Configuration files define the parameters of services run by launchd. Stored in the LaunchAgents and LaunchDaemons subdirectories of the Library folders, the property list-based files have approximately thirty different keys that can be set. launchd itself has no knowledge of these configuration files or any ability to read them - that is the responsibility of "launchctl".

launchctl is a command line application which talks to launchd using IPC and knows how to parse the property list files used to describe launchd jobs, serializing them using a specialized dictionary protocol that launchd understands. launchctl can be used to load and unload daemons, start and stop launchd controlled jobs, get system utilization statistics for launchd and its child processes, and set environment settings.

===launchd===

launchd has two main tasks. The first is to boot the system, and the second is to load and maintain services.

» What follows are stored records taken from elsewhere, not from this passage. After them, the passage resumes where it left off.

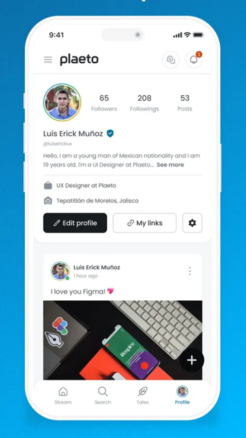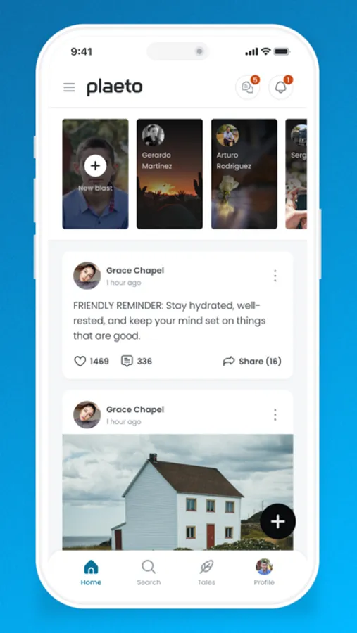 The Plaeto app gives you the power to change what you see in your Stream, endless content with Tales, authentic conversation opportunities in Chambers, the ability to send your thoughts out on Blasts, and a Profile you actually control.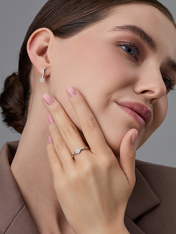 Роскошные серьги из белого золота 585 пробы с бриллиантами. Россыпь камней придает серьгам одновременно изящность и воздушный объем. Тип замка - английский, самый надежный и удобный. Модель лаконичная, с очень комфортной посадкой на ухо, за счет расположения замковой части ниже, чем декоративной части серьги. Средняя характеристика вставок: 14 Бриллиант Круг 57 0.174 4/5 В комплект поставки входит: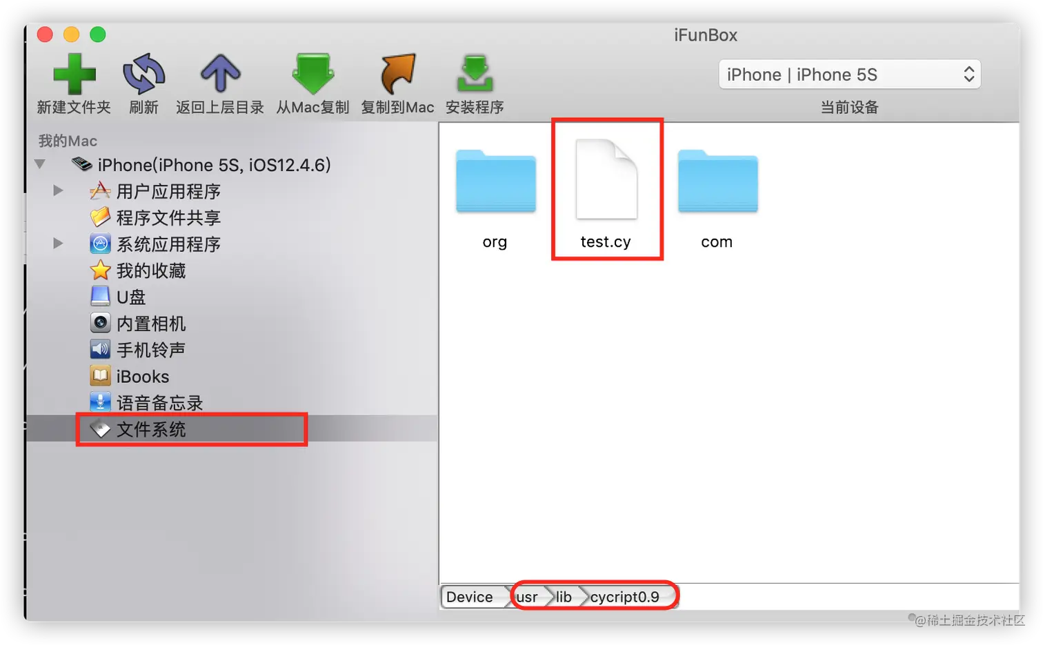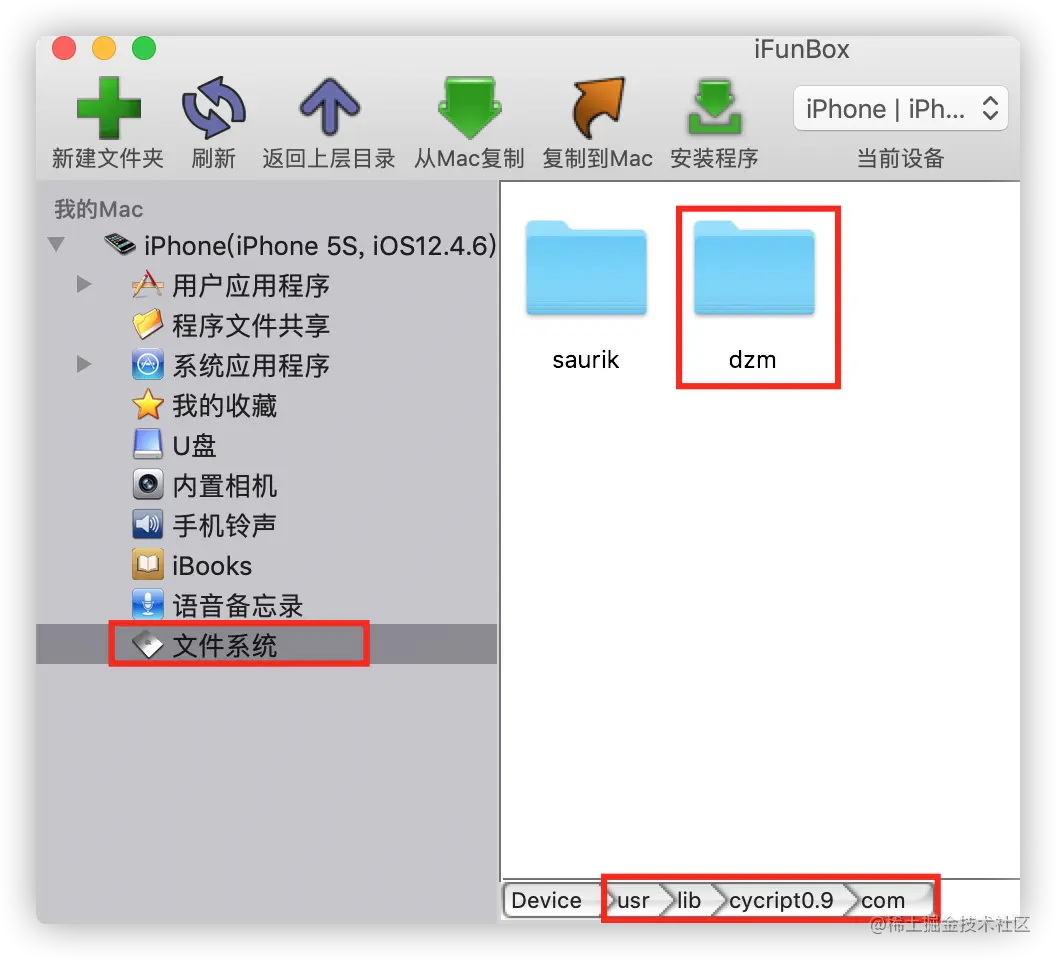Cycript在越狱的手机上就会有这个cycript文件夹,我们可以通过iFunBox查看,或者通过终端连接手机进行查看:iFunBox查看cycript文件夹

Here is a simplified view of the Mac OS X Tiger system startup on a PowerPC Mac (on an Intel Mac, EFI replaces Open Firmware and boot.efi replaces BootX):

1. Open Firmware activates, initializes the hardware, and then loads BootX.
2. BootX loads the kernel, spins the pinwheel cursor, and loads any needed kernel extensions (kexts).
3. The kernel loads launchd.
4. launchd runs /etc/rc, various scripts which scan through /System/Library/LaunchDaemons and /Library/LaunchDaemons, calling launchctl on the plists as needed, then launchd starts the login window.

In step 4, the startup scripts scan through a few different directories for jobs to run. There are two different directories that are scanned:
1. The LaunchDaemons directories contain items that will run as root, generally background processes.
2. The LaunchAgents directories contain jobs, called agent applications, that will run as a user or in the context of userland. These may be scripts or other foreground items, and they can even include a user interface.
These directories are all kept in the typical Library directories of Mac OS X.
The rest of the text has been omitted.